A doctor of optometry can diagnose astigmatism through a comprehensive eye examination. Testing for astigmatism measures how the eyes focus light and determine the power of any optical lenses needed to improve vision.
This examination may include:
- Visual acuity. When you read letters on a distance chart, you are measuring your visual acuity. Visual acuity is given as a fraction (for example, 20/40). The top number is the standardized testing distance (20 feet) and the bottom number is the smallest letter size read. A person with 20/40 visual acuity would have to get within 20 feet to read a letter that should be seen clearly at 40 feet. Normal distance visual acuity is 20/20.
- Keratometry/topography. A keratometer is the primary instrument used to measure the curvature of the cornea. By focusing a circle of light on the cornea and measuring its reflection, it is possible to determine the exact curvature of that area of the cornea's surface. This measurement is particularly critical in determining the proper fit for contact lenses. A corneal topographer—which is gaining use—generates a contour map of the cornea and provides even more detail of the cornea's shape.
- Refraction. Using an instrument called a phoropter, your doctor places a series of lenses in front of your eyes and measures how they focus light. This is performed using a handheld lighted instrument called a retinoscope or an automated instrument that evaluates the approximate focusing power of the eye. Based on your responses, the power is then refined to determine the lenses that allow the clearest vision. Despite improved technology, patient input remains integral in determining vision needs.
With the information from these tests, a doctor of optometry can determine if the patient has an astigmatism. The doctor will use these findings—combined with those of other tests performed—to determine the power of any lens correction needed to provide clear, comfortable vision. Once testing is complete, the doctor can discuss treatment options.
- Eyeglasses. People with astigmatism primarily choose eyeglasses to improve their vision. The eyeglasses contain a special cylindrical lens prescription that compensates for astigmatism. This provides additional power in specific parts of the lens. Generally, a single-vision lens is prescribed to provide clear vision at all distances. However, patients over age 40 who have presbyopia may need a bifocal or progressive addition lens.
- Contact lenses. Some people will have better vision with contact lenses rather than eyeglasses. Contact lenses may provide a clearer vision and a wider field of view. However, since contact lenses are worn directly on the eyes, they require regular cleaning and care to safeguard eye health. Standard soft lenses may not be effective in correcting astigmatism. Special toric soft contact lenses can correct for many types of astigmatism. Because rigid gas-permeable contact lenses maintain their regular shape while on the cornea, they can compensate for the cornea's irregular shape and improve vision for people with astigmatism.
- Orthokeratology. Orthokeratology (ortho-k) involves the fitting of a series of rigid contact lenses to reshape the cornea. The patient wears contact lenses for limited periods—such as overnight—and then removes them. People with moderate astigmatism may be able to temporarily obtain clear vision without lenses for most of their daily activities. Orthokeratology does not permanently improve vision. If patients stop wearing the retainer lenses, their vision may return to its original condition.
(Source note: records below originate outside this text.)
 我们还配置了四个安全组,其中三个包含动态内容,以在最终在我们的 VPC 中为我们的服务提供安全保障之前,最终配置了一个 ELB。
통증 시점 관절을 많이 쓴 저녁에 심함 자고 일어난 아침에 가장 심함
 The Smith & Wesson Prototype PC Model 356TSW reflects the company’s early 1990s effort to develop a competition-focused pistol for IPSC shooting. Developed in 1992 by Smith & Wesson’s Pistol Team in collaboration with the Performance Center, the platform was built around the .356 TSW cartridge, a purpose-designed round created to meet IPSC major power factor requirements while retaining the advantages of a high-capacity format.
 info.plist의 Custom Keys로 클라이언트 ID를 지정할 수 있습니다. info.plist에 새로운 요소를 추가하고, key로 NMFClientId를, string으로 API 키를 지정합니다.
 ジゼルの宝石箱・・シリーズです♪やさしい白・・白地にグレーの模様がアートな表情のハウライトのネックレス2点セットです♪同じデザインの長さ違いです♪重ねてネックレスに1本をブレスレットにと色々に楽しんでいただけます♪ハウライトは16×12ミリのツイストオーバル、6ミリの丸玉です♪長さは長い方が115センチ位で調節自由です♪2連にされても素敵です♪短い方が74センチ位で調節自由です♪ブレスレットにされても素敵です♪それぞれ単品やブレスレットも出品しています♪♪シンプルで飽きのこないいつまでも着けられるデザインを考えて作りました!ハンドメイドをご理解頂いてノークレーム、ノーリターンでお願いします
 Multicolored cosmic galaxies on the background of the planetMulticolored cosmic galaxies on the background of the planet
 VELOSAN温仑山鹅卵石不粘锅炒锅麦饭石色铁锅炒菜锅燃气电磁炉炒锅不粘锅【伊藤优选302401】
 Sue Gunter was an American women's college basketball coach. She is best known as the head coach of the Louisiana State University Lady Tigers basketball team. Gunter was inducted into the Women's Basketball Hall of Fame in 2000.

- Laser and other refractive surgery procedures. Astigmatism can also be corrected by reshaping the cornea through LASIK (laser in situ keratomileusis) or PRK (photorefractive keratectomy). PRK removes tissue from the superficial and inner layers of the cornea. LASIK removes tissue only from the inner layer of the cornea. If you have astigmatism, you have a wide range of options to correct your vision problem. In consultation with your doctor, you can select the treatment that best meets your visual and lifestyle needs.
Since astigmatism is an abnormality of the regular anatomy of the eye, there is nothing that can be done to prevent it from occurring. However, as stated above, there are many treatment options.